In earlier posts, I discussed the sacrificial cult of the Aaronid priesthood as detailed throughout the book of Leviticus (#137-138, #148-149, #151, #152, #155, #174, #175, #178). In sum, sacrifices were necessitated (divinely decreed in this corpus of literature) to restore purity and holiness to (potentially) impure persons, communities, and even the land. Since according to the theological tenets of the Aaronid priestly guild Yahweh dwelt among the people (#151#164-165), strict measures had to be enforced to safeguard the holiness and purity of not only Yahweh’s sacred space, his Tabernacle, but of the whole congregation as well. “You shall be holy because I, Yahweh your god, am holy” is the refrain used by the priestly writers throughout the book of Leviticus. Failure to maintain this holiness puts the deity and all the community’s sacred space at risk since impurity or uncleanliness was deemed contagious.

This worldview and belief system, constructed on ideas of sacred space, holiness, pure and impure realms, people, and acts, were needless to say challenged and even eradicated (or interpreted away as the case may prove) by later biblical writers—especially the New Testament writers who lived under a radically different worldview and belief system (see also #31, #118, #146). More importantly for our purposes, both of these contradictory worldviews or belief systems (impure/unclean/profane space, things, and people vs pure/clean/holy space and things AND the abolition of such ideas and space, or the reduction of them to just one building) were legitimated and authorized through the production of literature which, in both cases, presented each author’s god advocating and endorsing these two radically different belief systems by having the deity become the spokesperson for these very belief systems. But before we go there, let’s look more closely at the Aaronid system as envisioned in the book of Leviticus.

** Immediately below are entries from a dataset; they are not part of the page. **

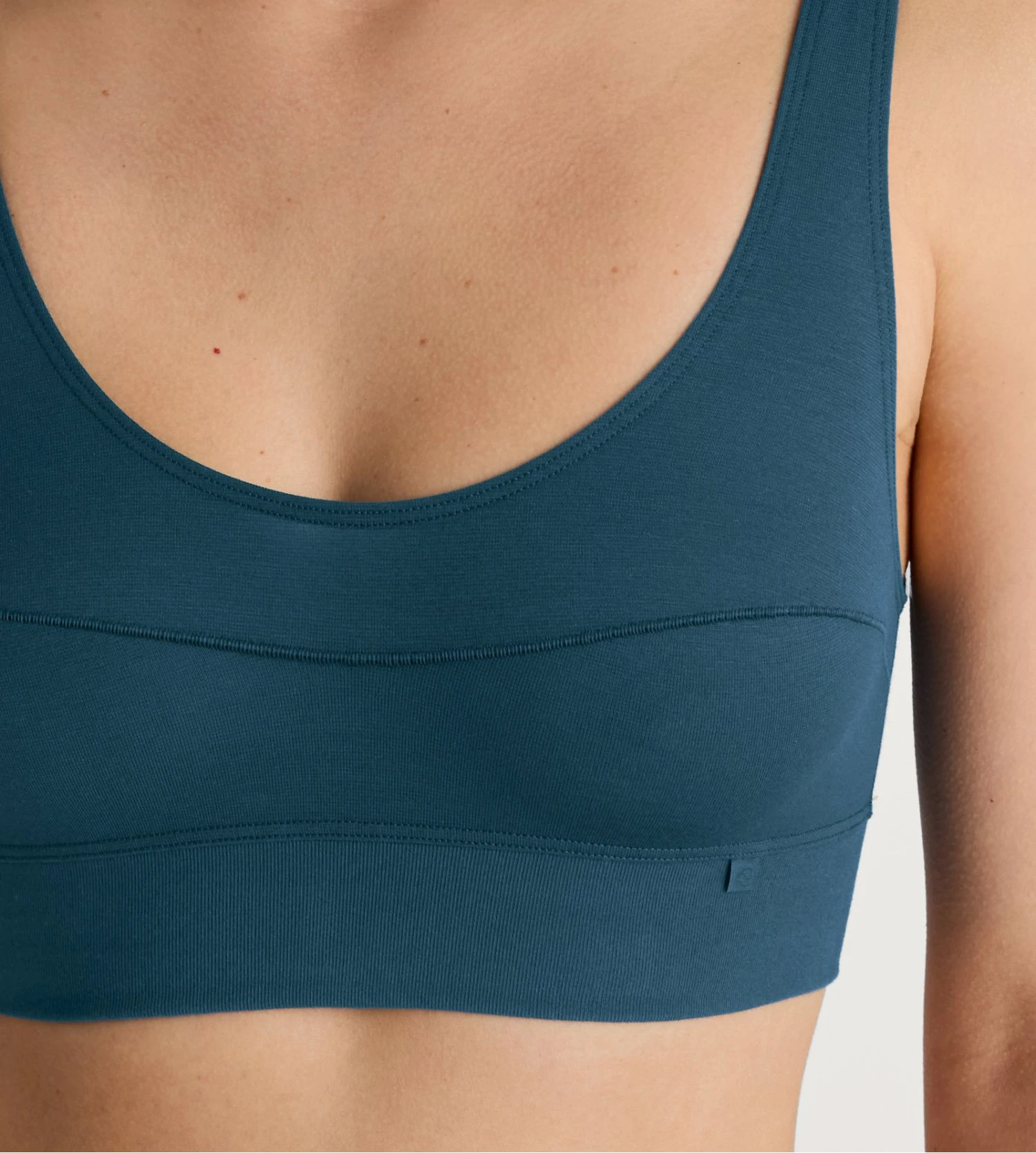 Brassière Calida extensible en coton destinée à toutes les femmes qui apprécient les sous-vêtements confortables, en particulier pour l’activité physique. Avec sa coupe sculptante, cette brassière maintient parfaitement la poitrine sans la compresser.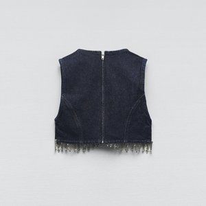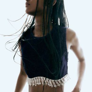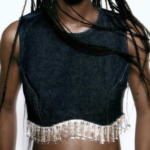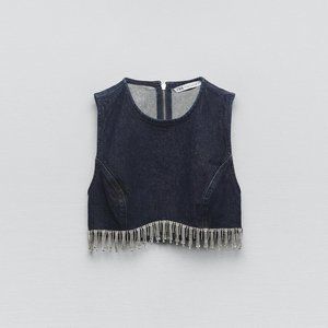 BNWT ZARA JEWEL DENIM TOP DARK INDIGO CROP TOP - REF. 7227/240 SMALL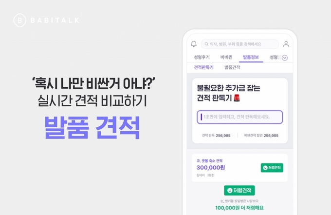 미용의료 정보 앱 바비톡이 시·수술의 견적을 비교하고 실제 상담 후기를 공유할 수 있는 '발품정보' 서비스를 선보인다고 18일 밝혔다.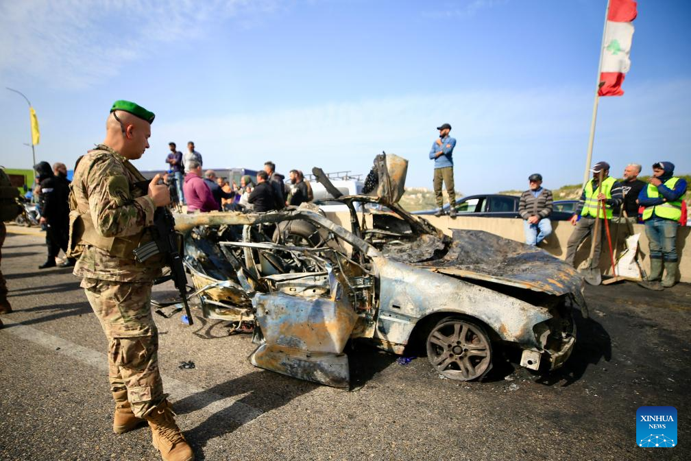 According to the ministry, one person was killed and four others were injured in an Israeli airstrike on a vehicle in Ansariyah area, whereas four more were injured in an Israeli airstrike on a car in the Tyre district. (Photo by Ali Hashisho/Xinhua)
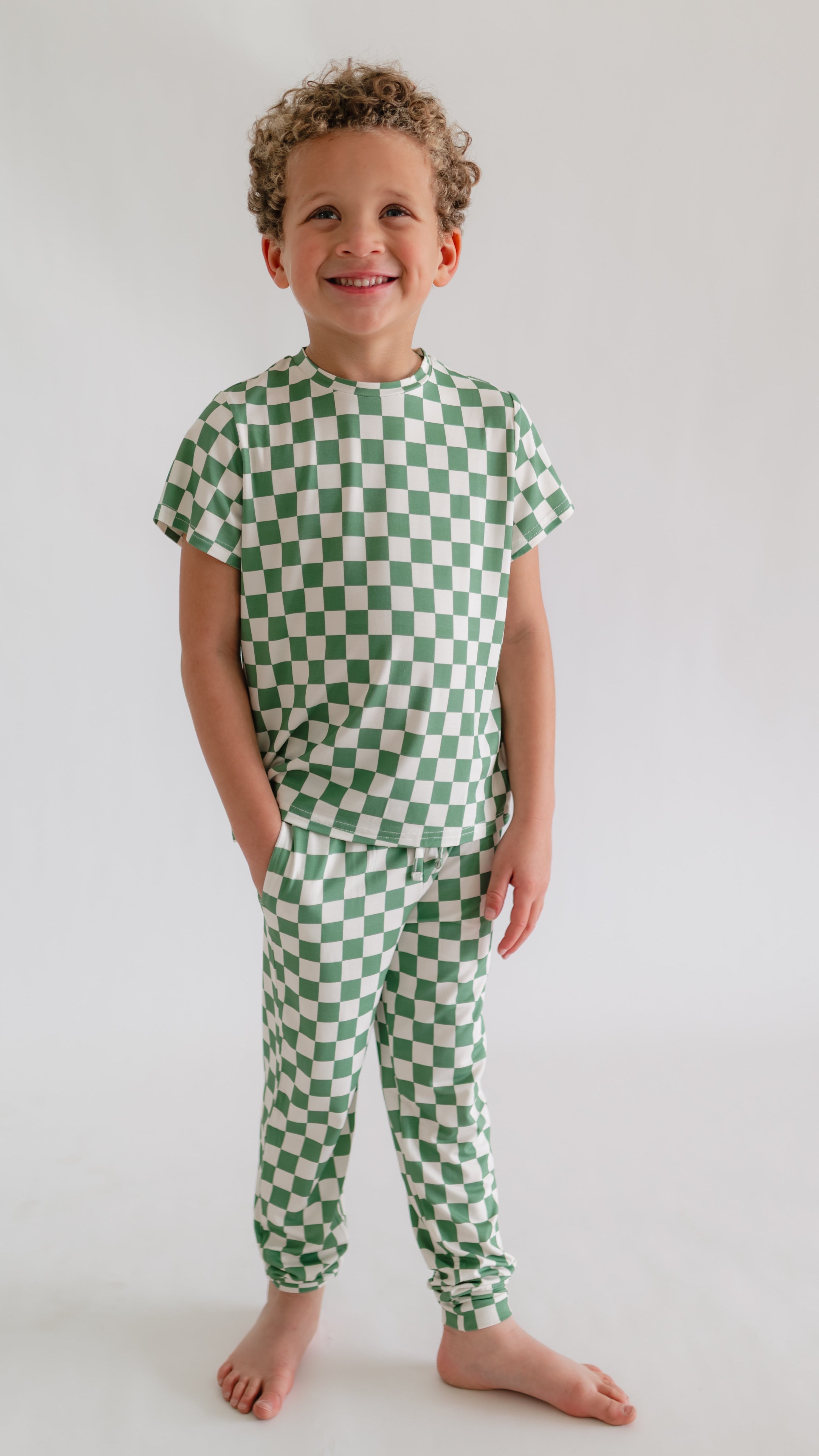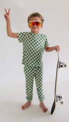 Youth Jogger Set In Green Checkered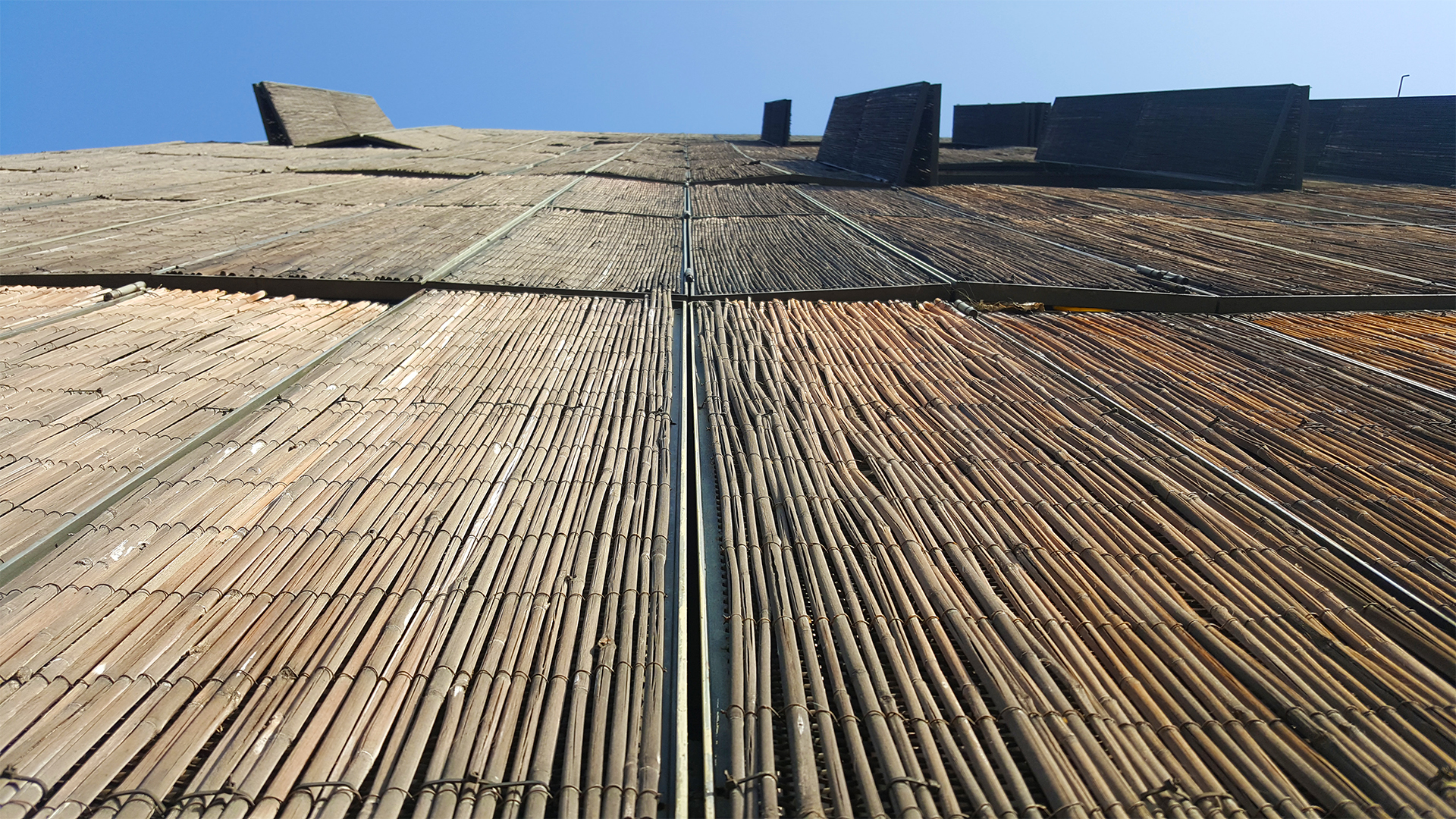 The first building we saw used a wall of banded bamboo to better insulate the building and provide texture.

Throughout the book of Leviticus, and especially in those chapters devoted to its laws and commandments (Lev 11-22), the role of the priests is repeatedly expressed by the phrase “to distinguish between the holy and the profane, between the impure and the pure.” The priestly law code, in fact, is presented as the very instruction (torah) for doing this. The priestly law code’s torahs, therefore, are “to distinguish between the holy and the profane, between the impure and the pure” in matters of:

  • diet (Lev 11)
  • women, i.e., menstruation, childbirth (Lev 12)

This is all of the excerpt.